Dominica at thirty six
For a country 36 years of age is a mere blink of an eye; but as we look back over the more than three decades of our existence as a nation it is worth taking stock and deciding whether we are on the right track towards economic prosperity and social maturity or whether we are drifting in the ocean without direction or purpose.
Over the last 36 years we have produced a large number of persons who have excelled in the international arena in all fields including law, sports, entertainment and in academia. For example, a few weeks ago the Sun reported that a son and daughter of our soil, Dr. Carissa Etienne, head the Pan American Health Organisation (PAHO), and Ambassador Irvin LaRocque, Secretary General of CARICOM, met in Guyana to discuss health issues affecting the region.
Measured by any criteria, Dominicans enjoy a quality of life that is the envy of many countries in the world. Though the development of our infrastructure leaves much to be desired and we complain about the increase in youth violence, we have to admit that Dominica is one of the most peaceful countries on the planet and the most naturally beautiful. As our National Anthem exhorts us, we should "gaze in wonder at those gifts so rich and rare".
But as we celebrate our 36th year as a free people we need to face one of our most elusive challenges. That is solving the economic problems that seem to restrict our development. In fact Prime Minister Roosevelt Skerrit made the point, that this is our major failure, in his address to the nation on the occasion of the country's 27th anniversary of independence when he said "every single administration since independence has come to power with a mandate to improve the conditions of the people of Dominica. Every one of them, regardless of political colour has faced different challenges and has responded to them to the best of their ability". He did not say that their best, including his government's, has not been good enough.

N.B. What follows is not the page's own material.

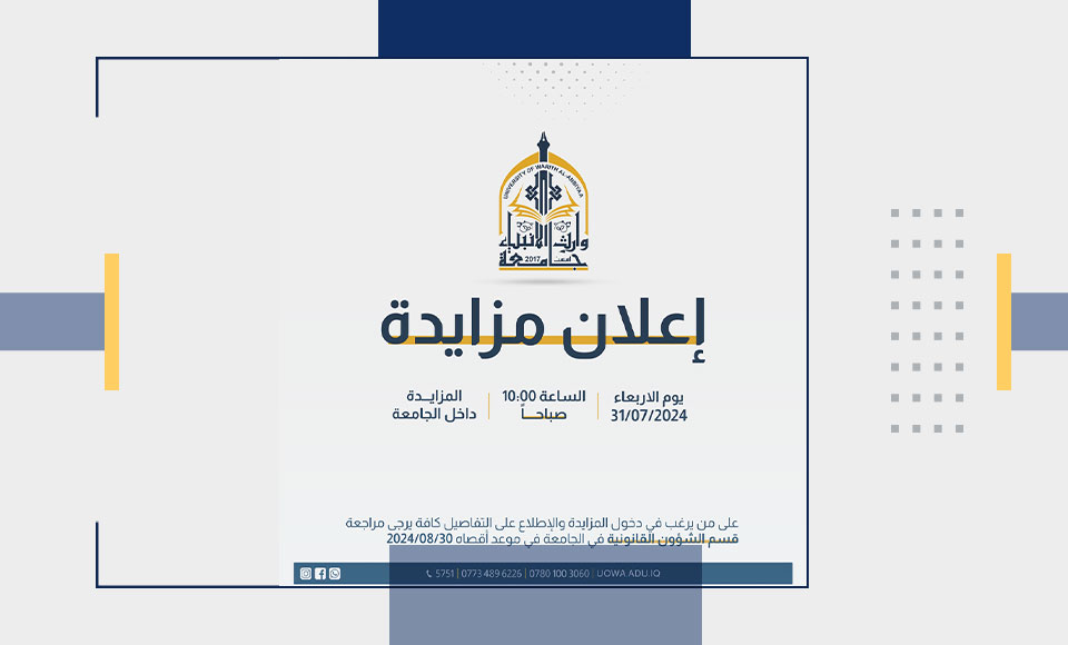 تعلن جامعة وارث الأنبياء (عليه السلام) عن إجراء مزايدة علنية داخل الحرم الجامعي لبيع المواد المستعملة، وذلك لفترة محدودة. للراغبين في الحصول على مزيد من التفاصيل، يرجى مراجعة قسم الشؤون القانونية في الطابق الثاني من بناية العلى بالجامعة.

Over the past few years, the government has been promoting a form of drunken optimism about the state of the economy which, we believe, makes the task of recovery much more difficult. This drunken joyousness over the balancing of some economic figures, made luminous by the collection of VAT, is likely to lead to a painful hangover unless the Dominican public is told the truth about the woefully inadequate productivity of its labour force. Reasonable optimism has to be based on clear-headed assessment of the situation on the ground. This assessment tells us that all the growth sectors are in serious states of coma and it will take our collective vision, unity of purpose and the might of the many to help them recover.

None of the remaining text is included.